**Data under study**
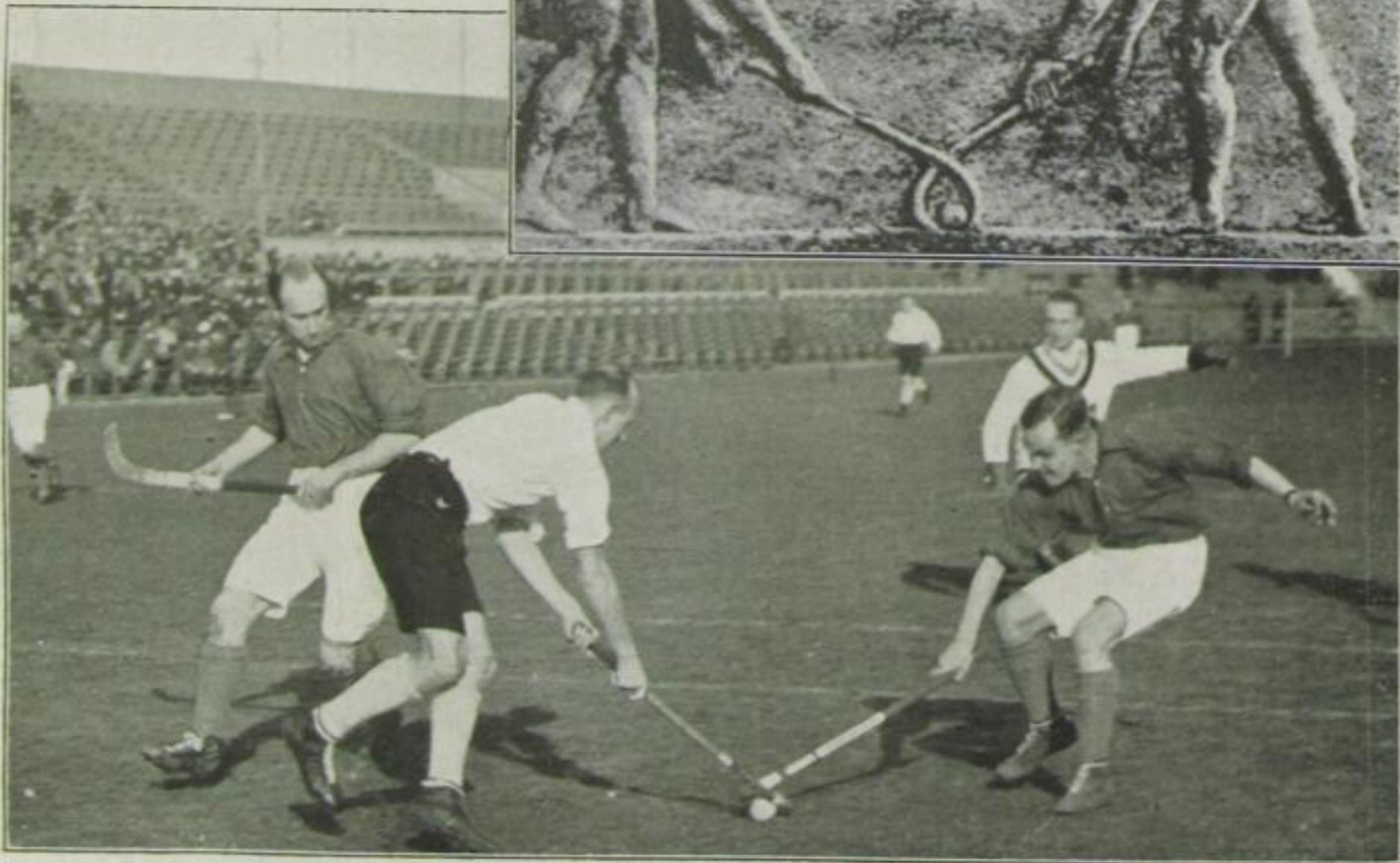
Antikes Hockey-Match auf einem Relief zu Athen und dieselbe Szene aus unserer Zeit

volles System gebracht und bei kultischen Anlässen den griechischen Volksmassen als Schauspiel dargeboten wurden. Die moderne Sportrenaissance knüpft an dieses historische Beispiel an: das „Gymnasion“ der Griechen ist heute noch ein kaum erreichtes „Vorbild“ klassischer Sportkultur.
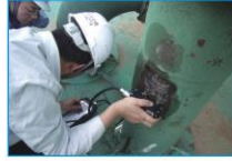
手动小面积容器腐蚀检测
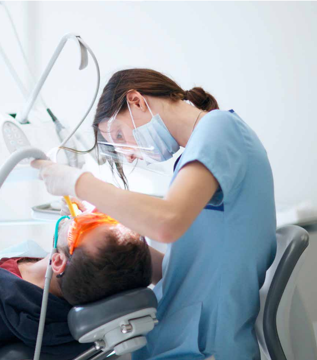
annat snickare, byggnadsarbetare och bilmekaniker. Men vibrationsskadorna kan förebyggas.
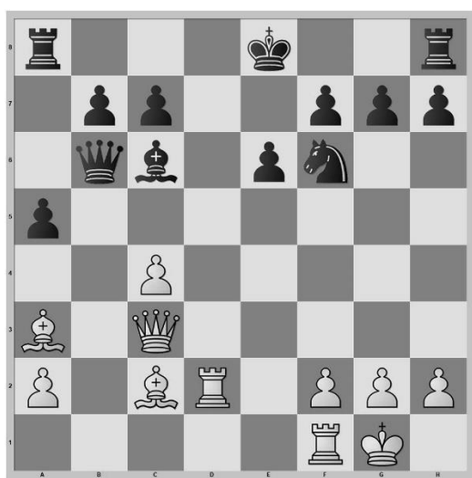
Stelling na zet 16. Lc2

1.e4 e6 2.d4 d5 3.Pc3 Pc6 4.Pf3 Pf6 5.Ld3 Lb4 6.0-0 Lxc3 7.exd5 Lxb2 8.Lxb2 Dxd5 9.c4 Dd6 10.Db3 a5 11.La3 Pxd4 12.Pxd4 Dxd4 13.Tad1 Db6 14.Dc3 Ld7 15.Td2 Lc6?! 16.Lc2
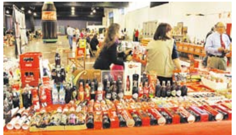
Moment de la trobada de Coca-Cola i plaques de cava a l'Espai Tolrà

També es va celebrar la Trobada de col·leccionistes de plaques de cava de totes les marques i colors. A més, es va vendre una ampolla de cava Capdevila Pujol Especial de la Trobada. "Per motiu de la trobada s'ha fet una ampolla molt maca amb una placa amb un dibuix de la Coca-Cola. Al començament teníem 125 ampolles i s'han esgotat totes. Per tant, els que vulguin trobar aquesta placa ho tindran difícil", assegura Josep Valero, col·leccionista de plaques de cava de Castellar. +
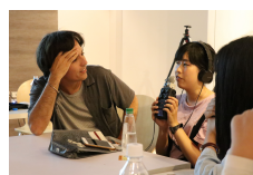
大家體會自己錄音時的聲音

在最後一天的工作坊，同學們也分成兩組實際去拍攝。大家以植物為主題，透過不同的構圖、鏡位變化，呈現腦中想要的畫面內容。之後，藝術家再從旁教導同學如何利用手邊現有的材料，如：投影機燈光的投射、搭配不同色彩或文字的投影片、不同材質物品所造成的反光效果，以此來捕捉光影變化，並配合內容營造氛圍。
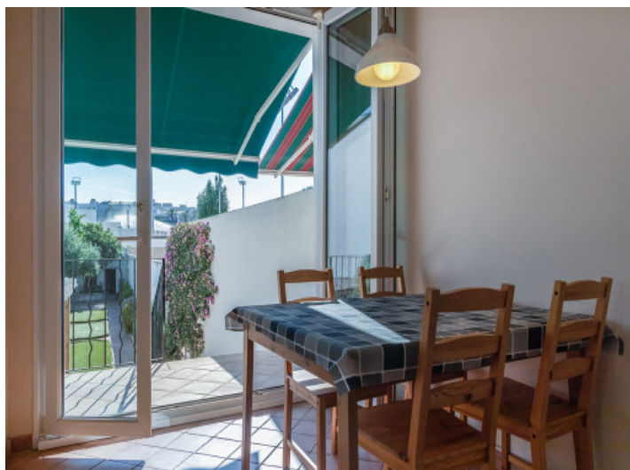
Otro comedor con acceso directo al jardín
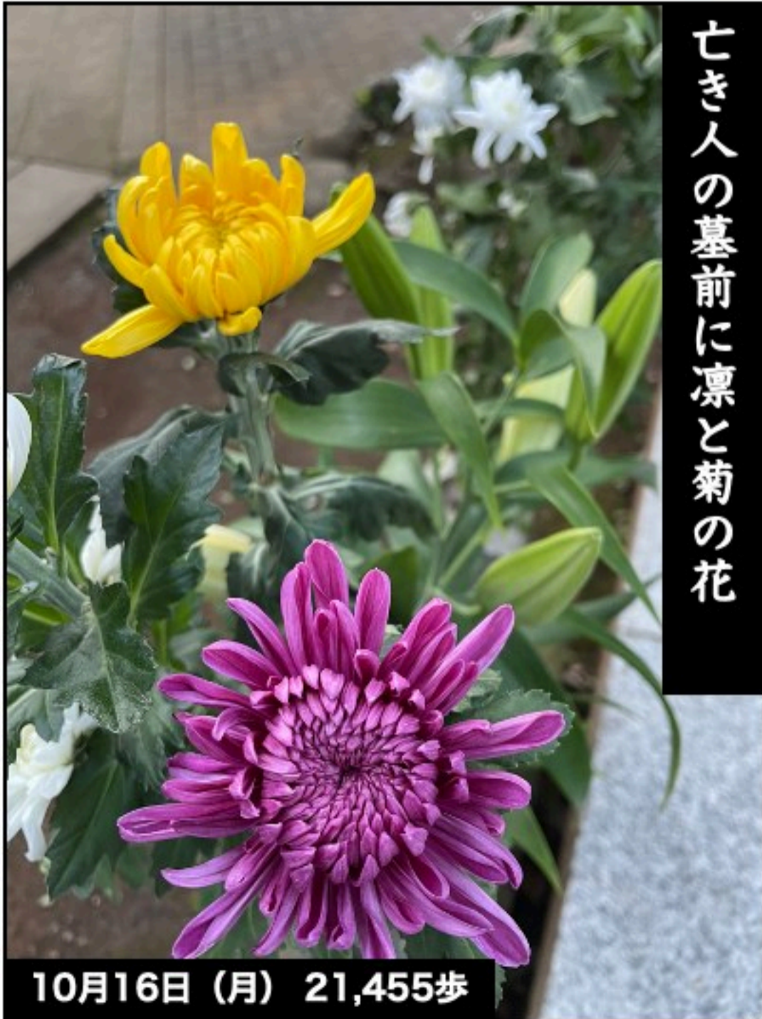
亡き人の墓前に凛と菊の花

**Aim of the task**
What lines in the listing include the string "cava"? Copy them out.

**Answer for this exercise**
Moment de la trobada de Coca-Cola i plaques de cava a l'Espai Tolrà
També es va celebrar la Trobada de col·leccionistes de plaques de cava de totes les marques i colors. A més, es va vendre una ampolla de cava Capdevila Pujol Especial de la Trobada. "Per motiu de la trobada s'ha fet una ampolla molt maca amb una placa amb un dibuix de la Coca-Cola. Al començament teníem 125 ampolles i s'han esgotat totes. Per tant, els que vulguin trobar aquesta placa ho tindran difícil", assegura Josep Valero, col·leccionista de plaques de cava de Castellar. +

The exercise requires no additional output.